Pictures stay out; print the rest of the listing below exactly as it stands.
___ RECORDED DATA ___
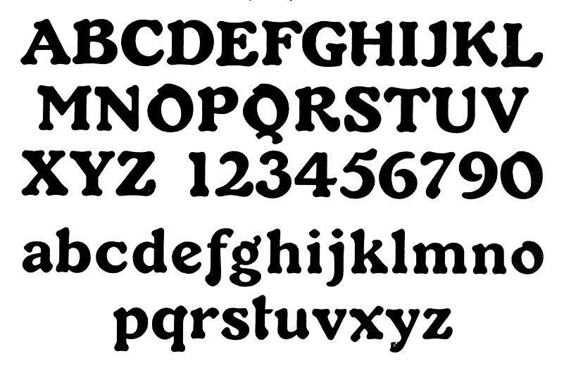 Robur typeface specimen cropped from Thibaudeau 1924
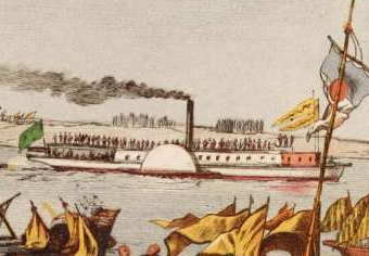 Lithograph of the steamer Firefly during the Taiping Rebellion from the autobiography "Ti-Ping Tien-Kwoh" by Augustus Frederick Lindley, 1866, with lithographs by Day & Son (Limited)
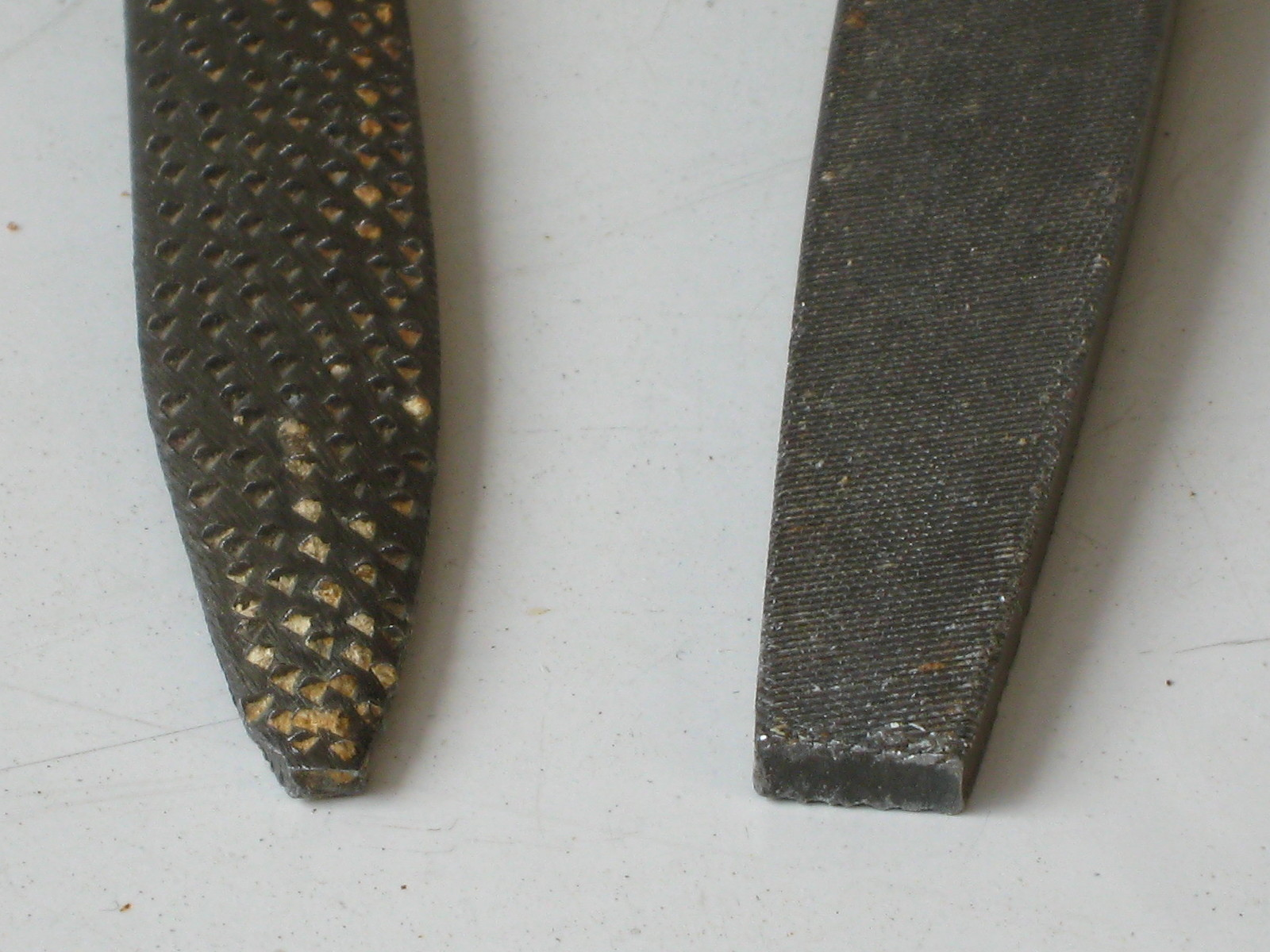 Rasp and file
___
> EXERCISE OUTPUT:
 Robur typeface specimen cropped from Thibaudeau 1924
 Lithograph of the steamer Firefly during the Taiping Rebellion from the autobiography "Ti-Ping Tien-Kwoh" by Augustus Frederick Lindley, 1866, with lithographs by Day & Son (Limited)
 Rasp and file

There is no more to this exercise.